Royal Bank of Scotland has reported a £7bn loss after taking a huge hit from mis-selling and conduct charges, as it unveils a fresh cost-cutting plan in an attempt to return to profit in 2018.

The annual loss represents the ninth in a row for RBS, up from a £2bn loss a year earlier and higher than analyst forecasts of a £6.1bn loss.

The worse-than-expected results come after the Treasury last week proposed to Brussels an alternative to selling off 300 branches under the Williams & Glyn brand, in a move that will cost RBS at least £750m.

RBS’s total losses since 2008 now amount to about £58bn, overshadowing the bank’s £45.5bn bail-out during the financial crisis.

In an attempt to repair the bank, chief executive Ross McEwan has set out new cost-cutting measures for the next four years to the end of 2020, as margins come under pressure from record low interest rates.

The chief executive is aiming for a bottom-line profit next year for the first time since the financial crisis.

Mr McEwan is targeting £750m of cost savings this year, as part of a total £2bn of planned cuts over the four-year period, which is expected to involve hundreds of job losses and branch closures.

The bank has pushed back its return and cost targets by another year, aiming to reach a cost-income ratio of below 50 per cent and a return on equity of at least 12 per cent by 2020.

Mr McEwan has said in the past that 2016 would involve settling the bulk of mis-selling cases – although the largest penalties from the US over mis-selling toxic mortgages have yet to be resolved.
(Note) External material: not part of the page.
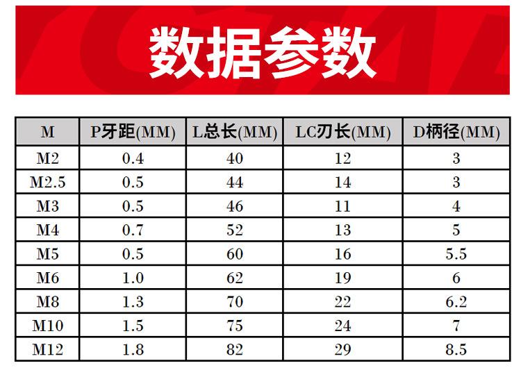 Apex M2 * 0.4, Apex M2.5 * 04, Apex M3 * 0.5, Apex M4 * 0.7, Apex M5 * 0.8, Apex M6 * 1.0, Apex M8 * 1.25, Ape...

Mis-selling and conduct costs amounted to £5.9bn in 2016, up from £3.6bn a year earlier.

Of this, RBS set aside £3.1bn to cover the impending US fine. It
earmarked £400m as compensation for small business owners that allegedly suffered from its controversial restructuring unit after the financial crisis. Some £600m went towards mis-selling payment protection insurance.

Restructuring costs amounted to £2.1bn as the bank continues to retrench from overseas countries to focus on UK retail and commercial banking.

This includes the £750m cost for the new Williams & Glyn plan unveiled last week. RBS has spent some £1.8bn over a number of years on attempting to divest Williams & Glyn.

The bank also paid the Treasury £1.2bn last year to settle a condition of its state bail-out, clearing the path for restarting dividend repayments at some point in the future.

Some £825m of costs were incurred as part of RBS’ ongoing run-down of its “bad bank”, the unit created after the financial crisis to house toxic assets and unwanted businesses.